══ Data in this exercise

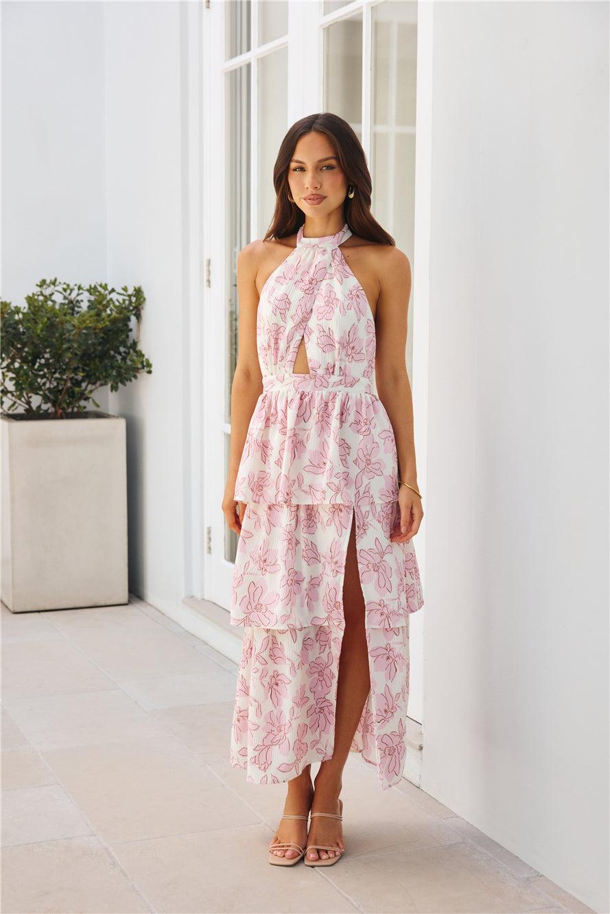 Fancy Garden Party Halter Plisse Maxi Dress Pink
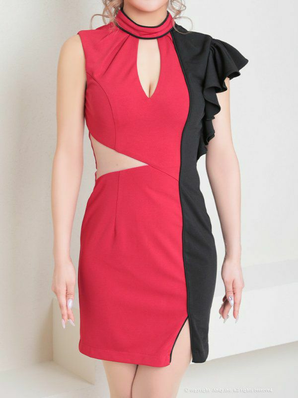 4. [AndyGLAMOROUS/アンディグラマラス] 高級 バイカラー バストカット ウエストヌーディーシアー アシメフリル ノースリーブ 谷間魅せ タイトミニドレス
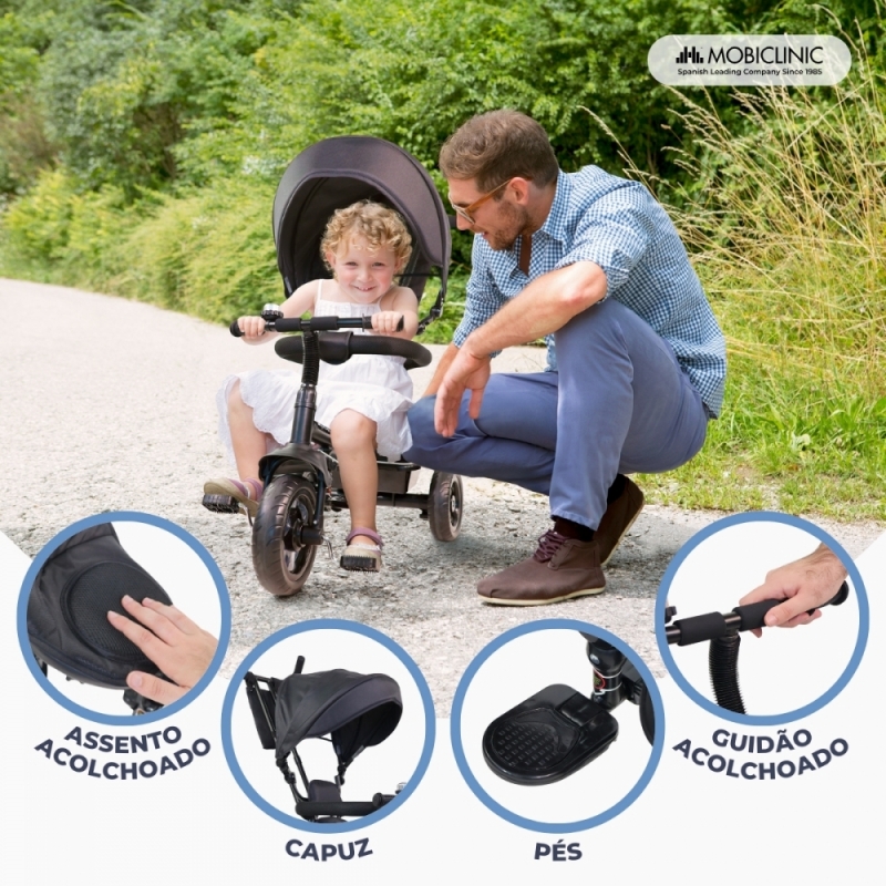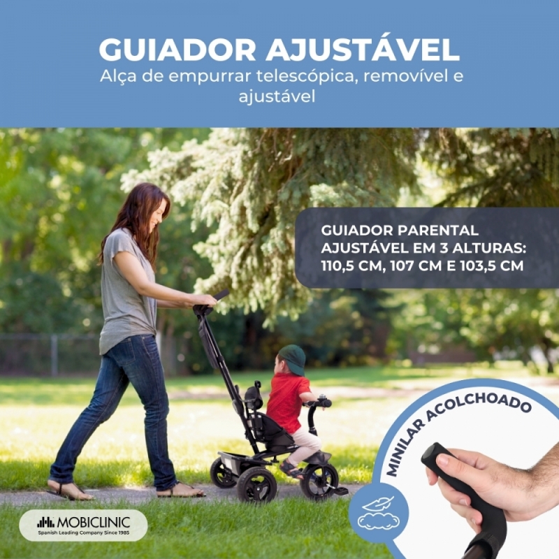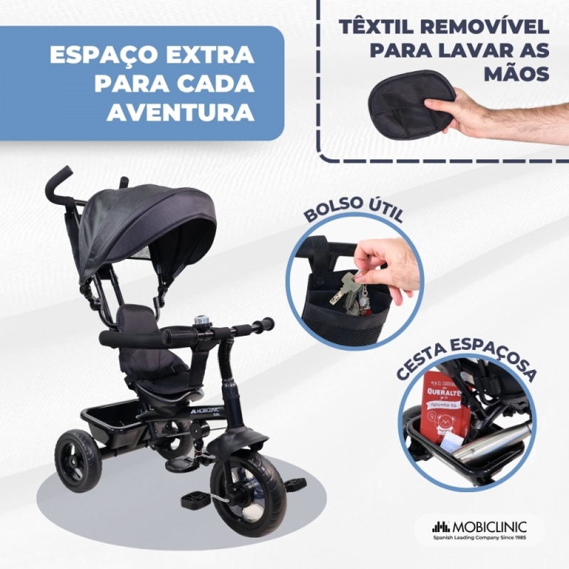 Este triciclo foi pensado para oferecer uma experiência confortável e prática tanto para as crianças quanto para os pais, sendo uma excelente opção para o uso diário. Possui assento e encosto acolchoados que garantem o conforto dos mais pequenos, capuz regulável para protegê-los do sol e do vento e espaço de armazenamento com cesto inferior para transportar brinquedos, mochilas ou qualquer outro item necessário durante a caminhada, e uma bolsa na alça superior para guardar itens menores. Este sistema de arrumação duplo permite aos pais transportar facilmente tudo o que necessitam sem transportar objetos adicionais. A pega é regulável em 3 alturas: 111 cm – 107,5 cm – 105 cm, o que proporcionará maior conforto aos pais.
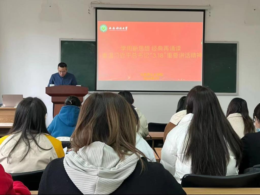 韩帅主持领读了习近平总书记“3·18”讲话的原文,并就学院工作实际进行了感悟分享。他指出,思政课是落实立德树人根本任务的重要课程,要深入学习领悟习近平总书记关于思政课的作用和定位,马院青年要满怀激情,打好基础,学好专业课,为将来做好思政课打下坚实基础。
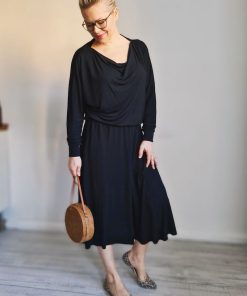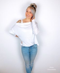 Dieses raffinierte Fledermausshirt ist ein toller Begleiter durch das ganze Jahr. Es kann leger oder chic kombiniert werden und es passt toll zu unserem Rock Lona. Das Shirt kannst Du auf 3 verschiedene Arten variieren. Entweder mit einem geraden Ausschnitt, mit einem Wasserfall oder mit einem Beleg. Es wird immer wieder anders aussehen. Die Nähzeit beträgt hier weniger als 30 Minuten und es ist ein super Nähanfänger Projekt. Ein dazu passendes Nähtutorial haben wir auch noch gedreht.

════

● The problem
Skipping every picture, reproduce the records word for word.

● Response for this exercise
 Fancy Garden Party Halter Plisse Maxi Dress Pink
 4. [AndyGLAMOROUS/アンディグラマラス] 高級 バイカラー バストカット ウエストヌーディーシアー アシメフリル ノースリーブ 谷間魅せ タイトミニドレス
 Este triciclo foi pensado para oferecer uma experiência confortável e prática tanto para as crianças quanto para os pais, sendo uma excelente opção para o uso diário. Possui assento e encosto acolchoados que garantem o conforto dos mais pequenos, capuz regulável para protegê-los do sol e do vento e espaço de armazenamento com cesto inferior para transportar brinquedos, mochilas ou qualquer outro item necessário durante a caminhada, e uma bolsa na alça superior para guardar itens menores. Este sistema de arrumação duplo permite aos pais transportar facilmente tudo o que necessitam sem transportar objetos adicionais. A pega é regulável em 3 alturas: 111 cm – 107,5 cm – 105 cm, o que proporcionará maior conforto aos pais.
 韩帅主持领读了习近平总书记“3·18”讲话的原文,并就学院工作实际进行了感悟分享。他指出,思政课是落实立德树人根本任务的重要课程,要深入学习领悟习近平总书记关于思政课的作用和定位,马院青年要满怀激情,打好基础,学好专业课,为将来做好思政课打下坚实基础。
 Dieses raffinierte Fledermausshirt ist ein toller Begleiter durch das ganze Jahr. Es kann leger oder chic kombiniert werden und es passt toll zu unserem Rock Lona. Das Shirt kannst Du auf 3 verschiedene Arten variieren. Entweder mit einem geraden Ausschnitt, mit einem Wasserfall oder mit einem Beleg. Es wird immer wieder anders aussehen. Die Nähzeit beträgt hier weniger als 30 Minuten und es ist ein super Nähanfänger Projekt. Ein dazu passendes Nähtutorial haben wir auch noch gedreht.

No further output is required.